Но было одно «но», которое лежало на сердце просто-таки каменною плитою.

Нет, я не была еще в Церкви, и до моего первого Причастия оставался не один год. Но к «неведомому Богу» я относилась трепетно, а редкие посещения церквей… вход в дверь церкви был для меня всегда входом в другое измерение — и в то же время в собственное сердце, пока еще полутемное, но уже загадочное, наполненное возможностями, наполненное неясными без света красками — но они есть, гулкими звуками, обещающими перейти в неслыханное пение, и пространством, на самом деле существующим за простыми стенами.

Моя научная руководительница была атеисткой.

Нет, не такой, которая «просто решила, что Бога нет». Вот насколько бурной она была во всем остальном… Люди постарше утверждают факты совершенно страшных кощунств, которыми будто бы она ранее хвалилась, но я этого не знаю и «множить» не буду. Кстати, не помню, чтобы она говорила гадости про Церковь, иерархию или еще что-то. Буквально за год до нас она поставила студентке трояк, увидев у нее крест: «Студент обязан быть нигилистом!» С нами — не помню, чтобы «зверствовала». Я для себя решила, что на прямой вопрос отвечу прямым ответом, но случая так и не представилось. К тому же ее очень занимали евангельские ответы Христа фарисеям, она радостно хохотала на всю квартиру, — «как Он их!..» — прося меня процитировать еще, и мне казалось, что «что-то еще есть».

И опять же было одно «но».

Наш семинар, вообще-то говоря, отличился. Из нас, четырех студенток, все четыре «выросли» в православных христианок. Такого вроде бы до нас не было. Может быть, чувствуя в нас эту «потенцию», именно нам и рассказала наша руководительница одну вещь.

Однажды, когда она еще была обычной трехлетней еврейской девочкой, в город пришел тиф. Все, кого знала их семья заболевшими, скоропостижно скончались. Заболела и девочка, и была при смерти, и не было бы на свете нашего семинара и развеселых лекций, если бы не… православная монахиня.

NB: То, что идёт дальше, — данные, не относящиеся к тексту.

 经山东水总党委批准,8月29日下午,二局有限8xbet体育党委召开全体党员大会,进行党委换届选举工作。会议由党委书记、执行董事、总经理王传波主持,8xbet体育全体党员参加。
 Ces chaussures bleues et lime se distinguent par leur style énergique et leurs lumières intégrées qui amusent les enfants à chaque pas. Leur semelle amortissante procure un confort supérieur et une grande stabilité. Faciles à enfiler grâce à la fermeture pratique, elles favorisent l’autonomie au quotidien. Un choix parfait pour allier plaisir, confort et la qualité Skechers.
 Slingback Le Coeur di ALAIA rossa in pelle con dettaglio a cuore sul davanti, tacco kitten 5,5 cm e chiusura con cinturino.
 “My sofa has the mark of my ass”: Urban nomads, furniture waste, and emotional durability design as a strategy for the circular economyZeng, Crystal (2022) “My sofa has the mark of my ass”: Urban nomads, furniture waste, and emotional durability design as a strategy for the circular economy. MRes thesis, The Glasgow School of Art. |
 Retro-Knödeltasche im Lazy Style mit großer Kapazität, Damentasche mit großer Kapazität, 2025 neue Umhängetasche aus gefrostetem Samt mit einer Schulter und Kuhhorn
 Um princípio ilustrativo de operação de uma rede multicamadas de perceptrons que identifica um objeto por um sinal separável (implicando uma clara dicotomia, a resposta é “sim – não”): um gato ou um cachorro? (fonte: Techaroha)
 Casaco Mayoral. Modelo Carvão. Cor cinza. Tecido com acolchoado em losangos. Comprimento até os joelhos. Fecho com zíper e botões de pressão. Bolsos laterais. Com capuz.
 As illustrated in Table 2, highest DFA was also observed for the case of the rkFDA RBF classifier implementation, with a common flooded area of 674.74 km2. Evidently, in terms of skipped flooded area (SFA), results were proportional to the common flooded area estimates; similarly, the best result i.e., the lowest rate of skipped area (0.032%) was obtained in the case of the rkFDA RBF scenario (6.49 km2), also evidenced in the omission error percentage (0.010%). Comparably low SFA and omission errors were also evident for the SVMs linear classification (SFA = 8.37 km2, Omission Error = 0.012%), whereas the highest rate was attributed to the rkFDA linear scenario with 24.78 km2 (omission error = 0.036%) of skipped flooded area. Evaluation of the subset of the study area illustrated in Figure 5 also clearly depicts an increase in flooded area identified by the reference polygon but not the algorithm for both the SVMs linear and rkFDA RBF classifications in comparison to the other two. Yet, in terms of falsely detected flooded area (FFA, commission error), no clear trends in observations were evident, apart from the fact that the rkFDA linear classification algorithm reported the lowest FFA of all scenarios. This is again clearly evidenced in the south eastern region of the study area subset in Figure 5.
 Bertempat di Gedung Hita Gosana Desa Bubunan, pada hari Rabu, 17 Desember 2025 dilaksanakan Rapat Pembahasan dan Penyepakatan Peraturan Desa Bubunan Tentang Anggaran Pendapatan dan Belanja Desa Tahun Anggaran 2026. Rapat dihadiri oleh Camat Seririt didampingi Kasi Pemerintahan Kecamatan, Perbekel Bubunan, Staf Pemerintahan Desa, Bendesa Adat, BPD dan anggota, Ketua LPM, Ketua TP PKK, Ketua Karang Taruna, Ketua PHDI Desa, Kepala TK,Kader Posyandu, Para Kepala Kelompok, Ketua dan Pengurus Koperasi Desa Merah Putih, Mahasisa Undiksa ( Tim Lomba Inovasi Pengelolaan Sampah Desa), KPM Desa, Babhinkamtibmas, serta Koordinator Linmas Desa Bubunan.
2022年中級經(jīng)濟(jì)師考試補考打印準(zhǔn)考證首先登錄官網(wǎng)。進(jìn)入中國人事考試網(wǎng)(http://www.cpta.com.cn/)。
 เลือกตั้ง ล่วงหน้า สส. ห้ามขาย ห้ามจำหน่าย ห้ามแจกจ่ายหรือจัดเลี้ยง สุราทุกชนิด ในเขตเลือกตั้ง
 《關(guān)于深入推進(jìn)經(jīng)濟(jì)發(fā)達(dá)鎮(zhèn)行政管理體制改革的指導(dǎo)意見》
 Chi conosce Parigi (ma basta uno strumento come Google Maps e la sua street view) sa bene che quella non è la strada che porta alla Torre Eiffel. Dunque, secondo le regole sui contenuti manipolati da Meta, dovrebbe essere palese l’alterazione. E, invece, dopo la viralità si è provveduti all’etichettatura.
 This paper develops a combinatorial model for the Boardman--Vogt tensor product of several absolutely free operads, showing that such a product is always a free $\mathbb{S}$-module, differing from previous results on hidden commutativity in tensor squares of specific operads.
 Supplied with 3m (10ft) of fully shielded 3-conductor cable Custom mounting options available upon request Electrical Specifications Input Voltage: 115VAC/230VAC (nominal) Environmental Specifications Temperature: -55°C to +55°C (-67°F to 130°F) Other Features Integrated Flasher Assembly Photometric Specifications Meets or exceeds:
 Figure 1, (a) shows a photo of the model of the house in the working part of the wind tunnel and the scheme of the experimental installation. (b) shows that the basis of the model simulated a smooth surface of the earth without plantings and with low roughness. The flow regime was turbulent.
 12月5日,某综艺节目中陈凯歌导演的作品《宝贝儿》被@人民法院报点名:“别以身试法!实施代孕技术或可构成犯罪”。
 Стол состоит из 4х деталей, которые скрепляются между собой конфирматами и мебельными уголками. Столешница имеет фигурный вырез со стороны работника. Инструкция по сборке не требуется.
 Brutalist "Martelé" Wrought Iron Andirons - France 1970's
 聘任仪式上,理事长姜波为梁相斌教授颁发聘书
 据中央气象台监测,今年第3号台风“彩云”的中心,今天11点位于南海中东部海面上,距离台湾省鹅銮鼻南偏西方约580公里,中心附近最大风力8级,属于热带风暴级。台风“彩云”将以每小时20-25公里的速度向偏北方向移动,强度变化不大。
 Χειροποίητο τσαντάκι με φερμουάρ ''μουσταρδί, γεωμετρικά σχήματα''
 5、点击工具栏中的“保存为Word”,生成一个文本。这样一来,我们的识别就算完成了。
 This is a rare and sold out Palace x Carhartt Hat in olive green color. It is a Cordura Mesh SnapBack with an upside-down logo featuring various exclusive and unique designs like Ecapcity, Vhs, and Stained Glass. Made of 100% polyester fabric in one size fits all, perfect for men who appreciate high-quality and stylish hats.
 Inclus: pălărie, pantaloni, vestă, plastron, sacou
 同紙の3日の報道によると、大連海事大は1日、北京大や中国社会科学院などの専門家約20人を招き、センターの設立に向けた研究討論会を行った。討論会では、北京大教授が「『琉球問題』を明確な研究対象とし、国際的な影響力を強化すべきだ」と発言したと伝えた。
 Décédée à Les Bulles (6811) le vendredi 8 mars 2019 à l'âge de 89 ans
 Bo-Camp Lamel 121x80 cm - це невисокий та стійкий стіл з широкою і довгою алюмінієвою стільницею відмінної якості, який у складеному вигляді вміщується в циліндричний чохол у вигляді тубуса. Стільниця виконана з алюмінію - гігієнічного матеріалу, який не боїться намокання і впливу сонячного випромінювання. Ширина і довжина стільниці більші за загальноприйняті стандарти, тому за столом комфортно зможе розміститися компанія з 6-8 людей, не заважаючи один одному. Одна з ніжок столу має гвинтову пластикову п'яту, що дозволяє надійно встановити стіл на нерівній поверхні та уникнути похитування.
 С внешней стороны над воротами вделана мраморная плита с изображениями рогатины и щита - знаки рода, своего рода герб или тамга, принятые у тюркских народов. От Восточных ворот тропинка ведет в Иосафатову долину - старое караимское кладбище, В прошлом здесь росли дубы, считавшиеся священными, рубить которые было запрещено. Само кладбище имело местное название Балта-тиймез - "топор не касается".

Откуда в еврейской семье оказалась православная монахиня — мне не объяснили. Знаю только, что монахиня крестила девочку — не знаю уж, по чину страха смертнаго ради или умудрилась позвать священника, однако умирающий ребенок был крещен с именем Матрона. «Так что я Матрёна», — задумчиво протянула преподавательница, разминая в пепельнице двадцать какую-то сигарету подряд.